Sunday, November 13, 2016

Like That Woman in the Picture

I watched Sunday on CBS with Jane Paulie. A reporter (?) interviewed some hurting people who are "low class," as one woman described herself with not a bit of shame or artifice. She talked of her troubles. She's a young woman, 20s, who said the closing of the coal mines because of EPA and environmental concerns split families. Men go off to work as they can find it and women and children stay put in the "home where [her] family lived for generations."

Two things, neither promising:

1) No one in government is going to get those coal jobs (or manufacturing jobs) back. I don't think anyone who promised to meant a word. And the Democrats in congress can block a lot of votes to prevent environmental apocalypse. (The Rs don't have 60%.)
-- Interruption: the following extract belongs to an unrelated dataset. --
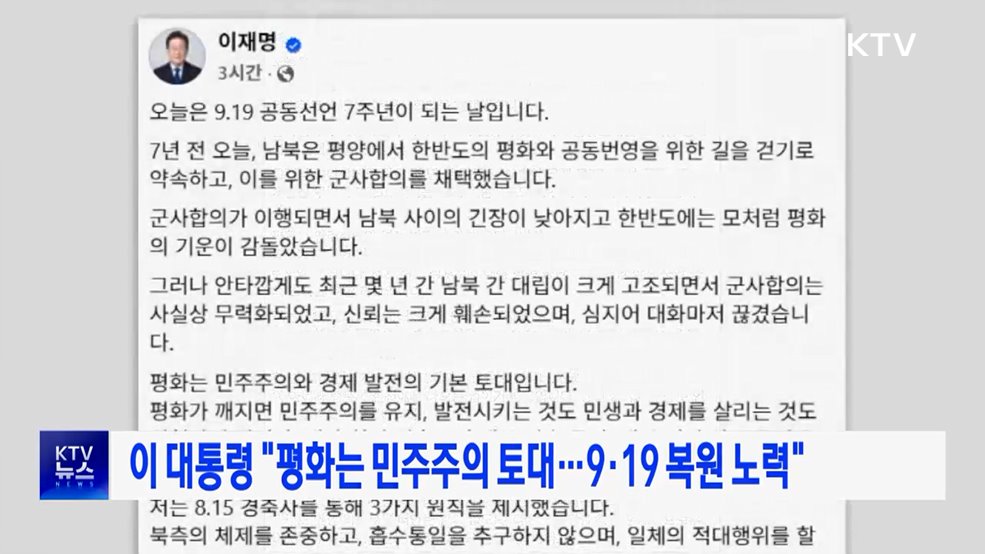 [KTV 뉴스] 이 대통령 "평화는 민주주의 토대···9·19 복원 노력" 2025.09.19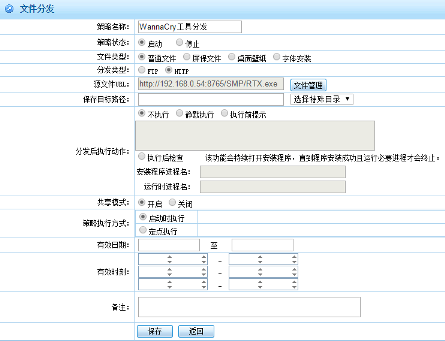 ? ? ??從管理界面打開(kāi)“文件分發(fā)”策略,將修復工具(第三方提供)分發(fā)到所有感染的設備,然后通過(guò)2.3評估感染消除情況。

B. Any major shift in work life (early mankind adopting agriculture, the industrial revolution, the rise of .com and e-commerce) brings upheaval. Some changes are good. Some are bad. Some changes are split between good for one and bad for another. All changes have required some people to adapt to relocation, loss of livelihood, and great stress. Former hunter/gatherers didn't hire guides when they could now grow their own. Large numbers of farm workers moved from rural areas to get manufacturing jobs in cities, many women, many exploited. And now, like me, Adam, and Ariane, some work from home by computer rather than going into a job in town. And steelworkers and coal miners have no jobs near home.

The "low class" woman reminds me of myself. I needed to create a whole new way to be in the world, more because of bad family issues than national issues. I had few resources. The military got me the hell out of town. And the things that were untenable back home were improved. I had to leave my home and some dear people. But my daughter is in much better position than she'd have been in had I stayed.

The woman who faces a split family and hard times gets my sympathy and empathy. I want her to find a way to have a good family life and plenty. I'm willing to pay taxes to get her and/or her husband some retraining. I'd support tax breaks if they have to move.

But I won't give her what she wants. I won't support reopening those coal mines. It's wrong for more people than it is right for. I'm sorry. She's in for hard times to come this next four years.

Later this morning, I learned Elton John has the photo "Migrant Mother" by Dorothea Lange.


It seemed fitting to put her here.



1 comment:

  1. Yes, yes, yes. I support paying taxes to get all of us the things we need that we cannot provide ourselves individually. Change is hard. Change is hard. Change is good.